The promise of creating your own news world — "The Daily Me" — reduces the likelihood of encountering "unexpected ideas and unpopular opinions, a necessary ingredient in any democracy". ...The difficulty of listening to views contrary to your own seems to be the theme for today. As I was walking over to work, I was listening to a fascinating interview (streaming audio) with William Rees (who coined the term "ecological footprint") on Sounds Like Canada, who argued we are neurologically predisposed to filter out bad news and ideas that don't agree with our own.
At the 2006 Online News Association conference in the US a panel of young people was asked by a journalist in the audience whether "reading RSS (Really Simple Syndication) feeds exclusively would stifle discovery of the broader picture". One 15-year-old panellist replied, "I'm not trying to get a broader picture, I'm trying to get what I want."
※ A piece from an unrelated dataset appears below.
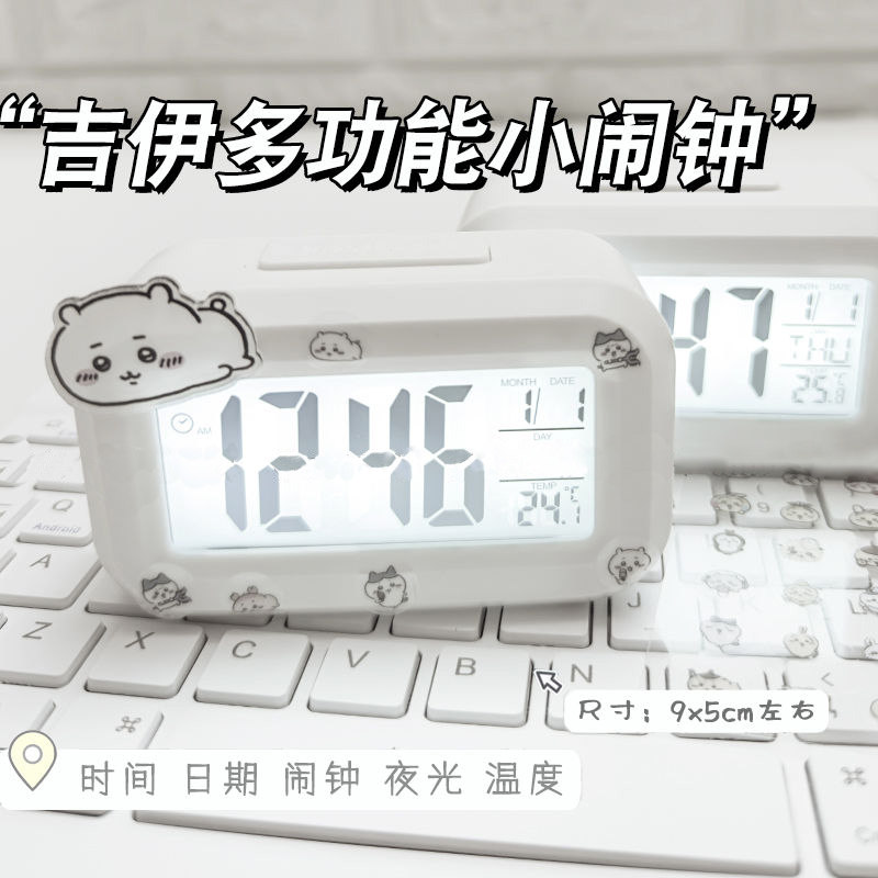 闹钟吉伊卡哇2026迷你夜光床头时钟可爱学生宿舍台钟充电帕恰狗

I've talked about this phenomenon at least once before, if not more often (just can't find the posts). It worries me terribly. From home schooling to higher education, it becomes possible to spend your entire educational career with people who agree with you.
I'm wondering a lot if scientists are better at making these serendipitous discoveries and compiling the broader picture or not. My initial expectation is not as much as it used to be, since more and more research is being guided by directed searches through Google Scholar and PubMed rather than thumbing through printed journals in library stacks, as I did through most of my undergraduate career.
On the other hand, I suspect that researchers, by the nature of their training to seek out alternative explanations and to look at evidence, may have slightly -- ever so slightly -- wider filters than the general population. A scientist should be less likely to discount an idea because of its source. But there's no doubt it's a hard task to do.